Note: The horizontal axis still represents the task number, and the vertical axis of the first picture represents the "death" nerve Percentage of neurons, "dead" neurons are neurons whose output and gradient are always 0 and no longer predict the plasticity of the network. The vertical axis of the second graph represents the weight. The vertical axis of the third graph represents the effective level of the number of remaining hidden neurons.
2 Limitations of existing methods
We analyzed whether existing deep learning methods other than backpropagation Will help maintain plasticity.
The results show that the L2 regularization method will reduce the plasticity loss, reducing the weight to 0 in the process, so that it can be dynamically adjusted and Stay malleable.
The shrinkage and perturbation methods are similar to L2 regularization, but also add random noise to all weights to increase diversity, with basically no loss of plasticity.

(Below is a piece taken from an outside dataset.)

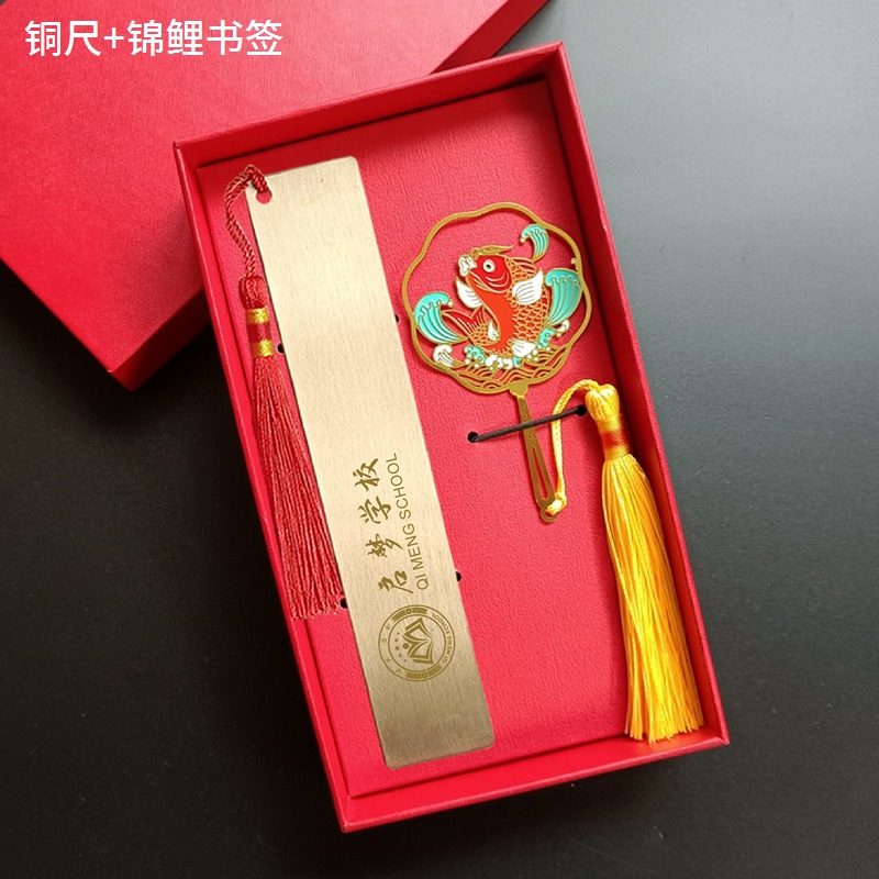 铜尺定制刻字+锦鲤书签 礼盒套装

We also tried other online standardization methods, which worked relatively well at the beginning, but the plasticity loss was serious as learning continued. The performance of the Dropout method is even worse. We randomly set a part of the neurons to 0 for retraining and found that the plasticity loss increased sharply.
Various methods will also have an impact on the internal structure of the neural network. Using a regularization method will increase the percentage of "dead" neurons, because in the process of shrinking the weights to 0, if they stay at 0, it will cause the output to be 0 and the neurons will "die". And shrinkage and perturbation add random noise to the weights, so there aren't too many "dead" neurons. The normalization method also has a lot of "dead" neurons and it seems to be going in the wrong direction, and Dropout is similar.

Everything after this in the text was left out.